With the CluedIn team building just over 220 integrations to date, we have learnt quite a lot of tips and tricks in guiding developers to build good and robust integrations.

Here is an exhaustive list of advice from the team to help you also build robust integrations.

  • Make sure you attend the 3 day developer training given by the CluedIn team. You will be given first hand advice and labs on building solid integrations.
  • Your integrations are responsible for fetching data, not cleaning it, not access control, not joining or blending data. In an ETL world, CluedIn wants your integrations to be more like ELT i.e. just extract and load. The CluedIn server will do the “T” or the Transform.
  • Build your crawlers with a mindset that the structure can and will change on a regular basis (even if it does not).
  • Many source systems will contain “Discovery Endpoints” in which you can “sniff” what types of data is possible for you to fetch. These are great to use, because they make your integration more dynamic than static. In this way you can build integrations that are very flexible and can use the source system to discover what objects or data is available and then “iterate” over all objects to fetch all the rows or instances of those objects. It is quite typical that these types of sources will also describe the data in forms of “type”, “constraints” and more.
  • Use the inbuilt Crawler Validation Framework within the Crawler Templates to help validate if you are building your crawler with best practices.
  • Your crawlers may be responsible for fetching billions of rows of data and hence this should be designed into your crawler as well. This means that practices like paging, filtering and more is recommended.
  • You might find that many CluedIn integrations will use “Service Accounts” to access data. This means that CluedIn will need to “iterate” all the individual accounts that this “Service Account” has access to.
  • There is a default timeout on crawlers in that if they have not fetched data within a 10 minute window, the CluedIn server assumes that something has gone wrong and will terminate the job. You can sometimes cause this accidentally or it might be that sometimes you will need to increase this timeout. For example, if your integration was built in a way to sort a table of data before ingesting it (because of a performance reason) then you might find that your table takes longer than 10 minutes to sort before it can start iterating and ingesting data from the platform. Increasing the timeout is fine and supported. You can change this in your container.config file.
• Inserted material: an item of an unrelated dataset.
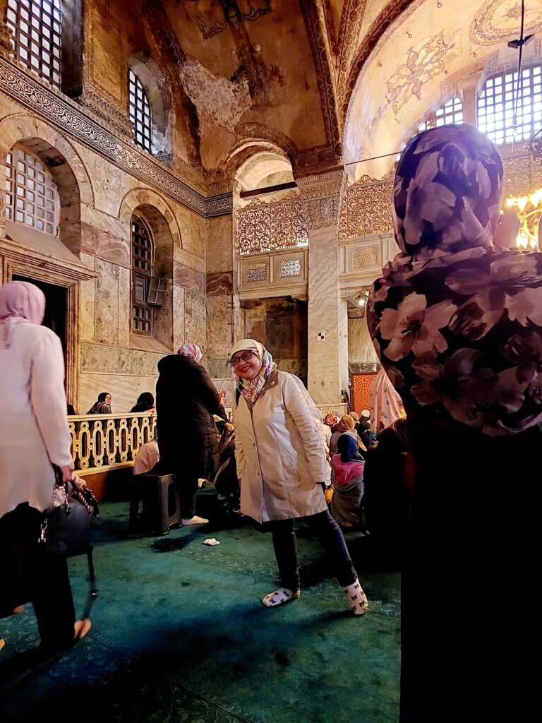 Antrean wisatawan semakin ramai, tapi suasananya tetap tenang. Cahaya matahari memantul lembut di kubah emas, membuatnya tampak menyala dari dalam.Masuk ke dalam Hagia Sophia terasa seperti memasuki dunia lain; karena ada beberapa hal.

The best way to learn how to build a new integration is typically to view the over 220 prebuilt integrations as to see what the final solution looks like. You will notice that CluedIn is using the advice above in its integrations as to also abide by best practices.

You can probably imagine that an integration that we build and deploy today, may change requirements tomorrow. Due to the nature of the integrations being very simple in nature and just tasked with fetching data, you will often find that the common failures are due to the underlying system changing in some way. The typical issues are:

  • The location of the source has changed e.g. a connection string or physical location.
  • The data itself has changed structure and can no longer be properly reserialized into the JSON or XML format that CluedIn is asking for.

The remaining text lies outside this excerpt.